# I'll go another round. Where am I?



## Clark (Sep 29, 2014)

This is a game.

Name this popular destination, and we will donate $10.00 to the forum.

One guess each.
Thirty hour time limit. That takes it to Tues. 7:00pm where I live.


Needless to say, this place is popular with Japanese 
and Germans tourists. There was no language barrier, most spoke
very good English. Busy here. The flow of foreigners with cameras 
and tripods was non stop. We met so many different people, in 
just a short time, it made my head spin. This was certainly another
outrageous place I dreamed about visiting.





Wife's cellphone





The dude held, so I framed it.




This guy brought his own prop.
Just had to snipe him. Lol.


----------



## jacqi (Sep 29, 2014)

Monument Valley on the Navajo Reservation.


----------



## 17andgrowing (Sep 29, 2014)

Jacqi is correct.


----------



## Clark (Sep 29, 2014)

Here's my credit card number....

Nobody appreciated that I spelled out Navajo before the images?
My wife didn't see it either. :wink:

Congrats Jacqi!
Might be the dustiest place we have been to.
Pros and cons to everything. No insects.

Great trip. After landing in Las Vegas, put 2,300 miles on rental car. Hahahaha


Donation made.
Thanks for your participation.


----------



## Heather (Sep 29, 2014)

Ha! Nice photo! Thanks again, Clark!!


Sent from my iPhone using Tapatalk


----------



## TyroneGenade (Sep 29, 2014)

Clark said:


> Great trip. After landing in Las Vegas, put 2,300 miles on rental car. Hahahaha



I love rental cars. They are just more fun. (Unless the GPS dies, leaving you to drive around Miami in the middle of the night for 3 hours, in circles, looking for the obscure turn off to the rental car company.)


----------



## Clark (Sep 30, 2014)

Easy to do.

When renting in Vegas(or all of Nevada), bring printed proof of insurance.
So far, this is only destination that it happened.


----------



## KyushuCalanthe (Sep 30, 2014)

Come on Clark, way too easy!


----------



## Clark (Oct 1, 2014)

No kidding.
Twelve minutes is rather quick.

Hope you folks saved your Audubon mags........


----------



## Trithor (Oct 4, 2014)

The Navajo lead was too cool, well done!


----------



## Clark (Oct 6, 2014)

Thanks.

Gary,
if you find yourself traveling the Grand Circle, and end up in Monument Valley, take this advise. 
It is dry environment. The Navajo Reservation redefines the term dry.
In other words, it is twenty two miles in one direction to get booze. I learned the hard way.
Not a bad drive in daytime, doubt I could do 160 kph.
At night, all white knuckle driving. It is free range and the cattle are black.
We missed the first one by inches. Darkness is fast out there.


----------



## cnycharles (Oct 6, 2014)

Yikes! Why truckers came up with the term 'steak on a grill'
Almost need infrared sensor on your windshield


----------



## Clark (Oct 6, 2014)

After the eyeball to eyeball view of the cattle, I was in slow motion.
So it didn't take long for some trucker to catch up to us. I let him by.
There are horses and some sort of 1/2 sheep 1/2 goat wandering freely about. 
Really don't want to be first going down a new road at night.


----------



## KyushuCalanthe (Oct 6, 2014)

Ha, ha! Sounds like rural China. We saw lots of animals on the roads - all in the high mountains in impossibly steep terrain - dogs, horses, cows, yaks, and endless pigs. There was one dog that must have run a half mile in front of the bus before ducking off the highway at one point. Not a place I'd like to drive at night!


----------



## iwillard (Oct 22, 2014)

> some sort of 1/2 sheep 1/2 goat wandering freely about.

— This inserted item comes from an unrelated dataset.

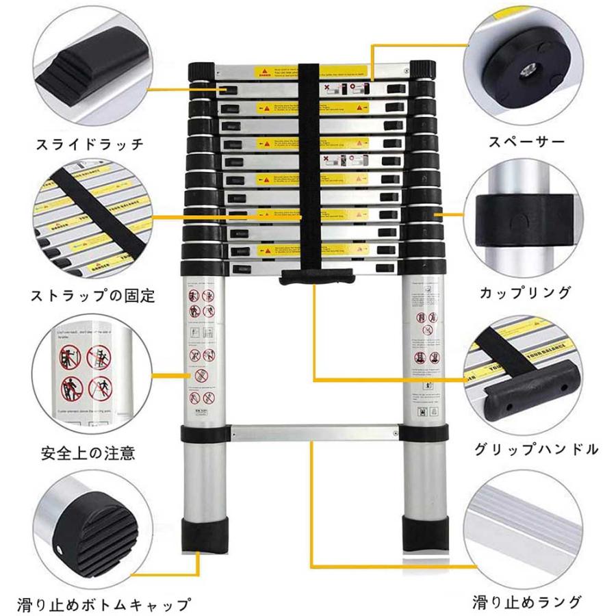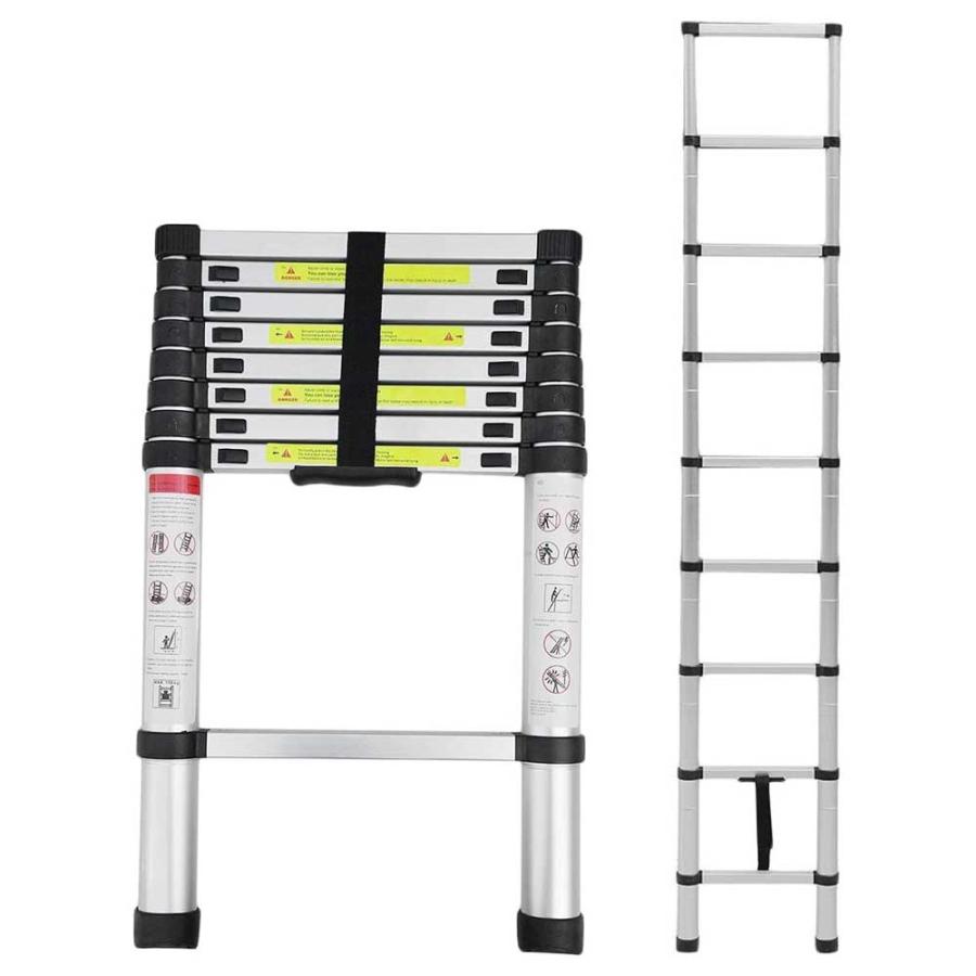 ハシゴの最大全長(約):260cm収納時尺寸(約):幅47cm×奥行き6.5cm×高さ72cm階段数量:9段、階段1段あたりの距離は30cm重さは6.6kgコンパクトなデザインで無駄な空間を省いてますので、狭い場所でも収納できます。

That's pretty funny! Actually they are called Navajo-Churro sheep and their wool used for making blankets and rugs.

Passing through the Navajo territories,never stop to look at the sheep. In their midst they are accompanied by cute little brown cur dogs used as livestock guardians and they will attack the cars,arms,cameras,etc.


----------



## Clark (Oct 23, 2014)

Thanks for the info! We never did follow up on that ID.

I thought these would be priced a bit more. It looks like the initial purchase is under $300.
Does a sheep produce more than $10,000 worth of wool in its lifetime?
Considering it is a rare breed and living about 15 years, I would think the wool is a premium.

Thank you for your reply.


----------



## iwillard (Oct 23, 2014)

Clark,

I've raised sheep for over 30 years,frankly speaking these sheep are good only for their wool if one is into making rugs. As a blanket,sand paper is far more comfy on your lap. Their meat tends to be very lean,as long as they are cooked rare to med.rare,it can get quite tough.

Life expectancy of a sheep is a very iffy subject,they are supposed to be the toughest creatures in a barn yard but my experience says,sheep are always busy looking for a place to die unless you find someone who culled them even when they sneezed and didn't keep any of their offspring then they can live a useful life for awhile. 

Oldest ewe I've had was 16 years old when I retired her to a friend and she lived on for another 6 years producing triplets at every cycle.

If you want to buy few sheep to keep your yard clipped,stay away from black faces and one of the hardiest breed to have around is a Polypay sheep. Good mothers with plenty of milk ,easy lambers and they will not break your bank account for their feed.


----------